How many stories do you intend to document?
I'm going to keep going. My motivation was to document this really extraordinary time, and hopefully there's never going to be another period in history when everyone is at home like this. And so I thought this is one way to document what's happening and just telling these stories. And it is really interesting to talk to people all over the world, who are all at different stages.
Is there a common thread among these stories?

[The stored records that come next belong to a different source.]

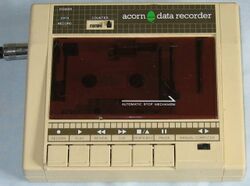 The Electron was able to save and load programs onto audio cassette via a supplied cable that connected it to any standard tape recorder that had the correct sockets. It was capable of bitmapped graphics, and could use either a television set, a colour (RGB) monitor or a monochrome monitor as its display. Several expansions were made available to provide many of the capabilities omitted from the BBC Micro. Acorn introduced a general-purpose expansion unit, the Plus 1, offering analogue joystick and parallel ports, together with cartridge slots into which ROM cartridges, providing software, or other kinds of hardware expansions, such as disc interfaces, could be inserted.[4] Acorn also produced a dedicated disc expansion, the Plus 3, featuring a disc controller and 3.5-inch floppy drive.[5]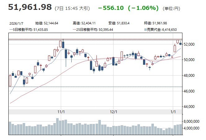 이날 닛케이225평균주가지수는 전일 종가보다 1.06%(556.10엔) 하락한 5만1961.98엔에 거래를 마쳤다. 도쿄증권거래소주가지수(TOPIX, 토픽스)도 0.77%(27.10포인트) 내린 3511.34포인트로 3영업일 만에 반락했다.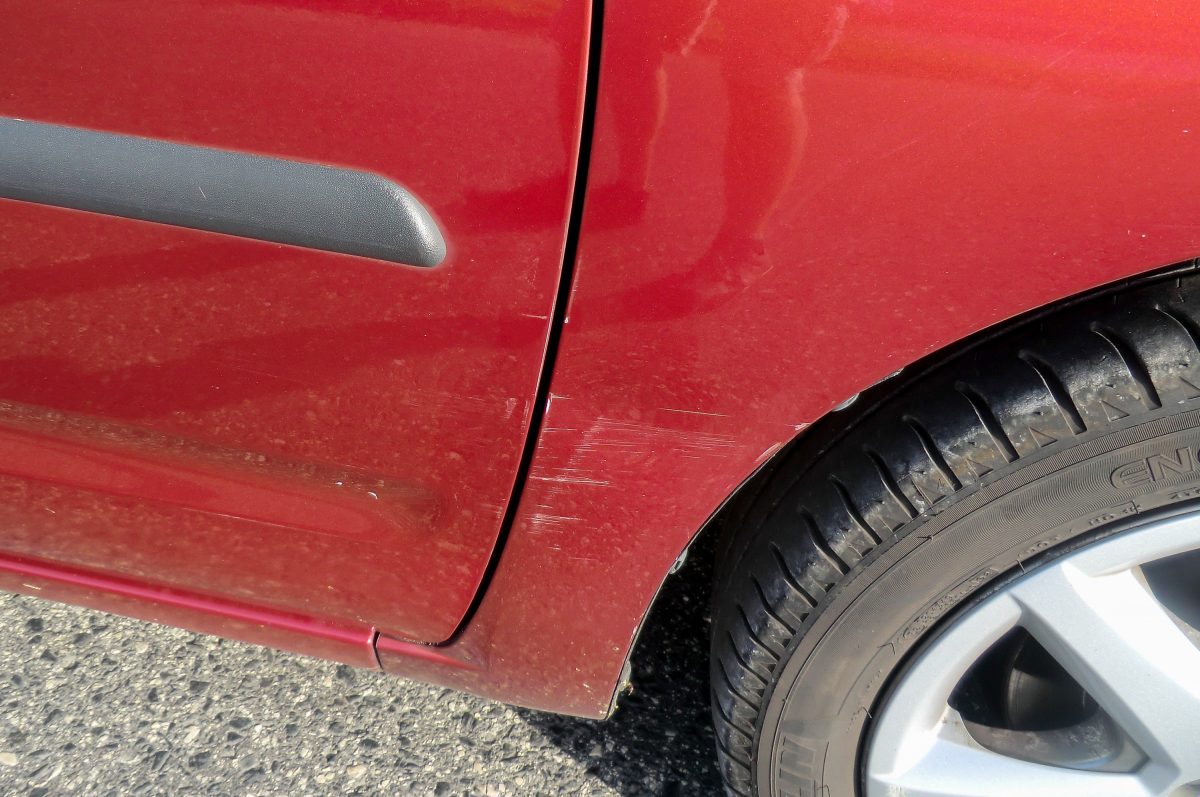 Elöl sem volt olyan mértékű horpadás, hogy az látványos legyen, de a kép közepén azért látható némi fénytörés a karcolt, horzsolt felületen is

There is one thing. There is. And it's that realization that everyone seems to be going through that, it's not just about me and my family. In the case of my father — it's not about me and him and my relationship. Because if it was, I would still want to see him because I would think he's at the end of his life anyway. It's that realization that we all have to do this because of trying to protect our health [care system]. So it's beyond the individual. And I think everyone is realizing that they're having to do something that's for everyone, for the greater good.
We've talked about people's environments, but I can't stop staring at the painting in the back.
I have three brothers and a sister. And one of my brothers is an artist. And he painted that of me.
How long ago was the painting?
Well, it's a painting of a photograph, actually. He must've painted it about 25 years ago. But the picture is about 45 years old.
How old are you in that photo?
I think 3 or 4. I was the youngest of five. My entire family went away on holiday without me. And they came back, and put that hat on me. And they said, "Let's take a picture." I don't know if you can see my expression, but I'm really unimpressed.
They left me with family, friends, because I was too much bother. You know, that was the 1970s. I don't think people see that kind of thing now. I seemed to have coped.
(laughs) I was gonna ask! You don't seem too happy. Sorry, I just knew that painting had a story. It's been a month since the outbreak was officially declared as a pandemic. How has your daily life changed?
There were a couple of weeks of everything being canceled. Everything. Everyone was really stressed. And then the schools closed two weeks ago for us. And we didn't know day to day whether the schools were going to close. Actually, three and a half weeks ago was when my father's care home closed and said no more visitors. That was when it really struck me what was happening.
What's been the most difficult part?
That, that. My father. I usually go and see him once a month because he lives about two hours away. And I realized I really need to go, like, now. Tomorrow. I need to go because I just have this feeling things were going to start changing. And I called them before I left and I said, "You are still open, aren't you?" And they said, "Yeah, of course, we're still open."
And then, by the time I got there two hours later, they said, "Actually, we're not accepting any visitors," but because I phoned, they said, "O.K., you can come in." And that's the last time I saw him.
And that's really hard because I can't communicate with him other than going and, you know, holding his hand and chatting to him, talking to him for a little while. I can't phone him. We tried Skyping. He can't really engage with the screen. So that's been the hardest bit.
My dad is a big deal [to me]. But the other things, you know, all the kids' plays and performances and everything that were canceled, you feel kind of this cumulative sadness. But then, if it's saving lives, then that's fine. That's fine.
What would be the first thing you do when this is all over?
Oh! I just can't wait to hug my friends. Well, going to see my dad, and have some hugs.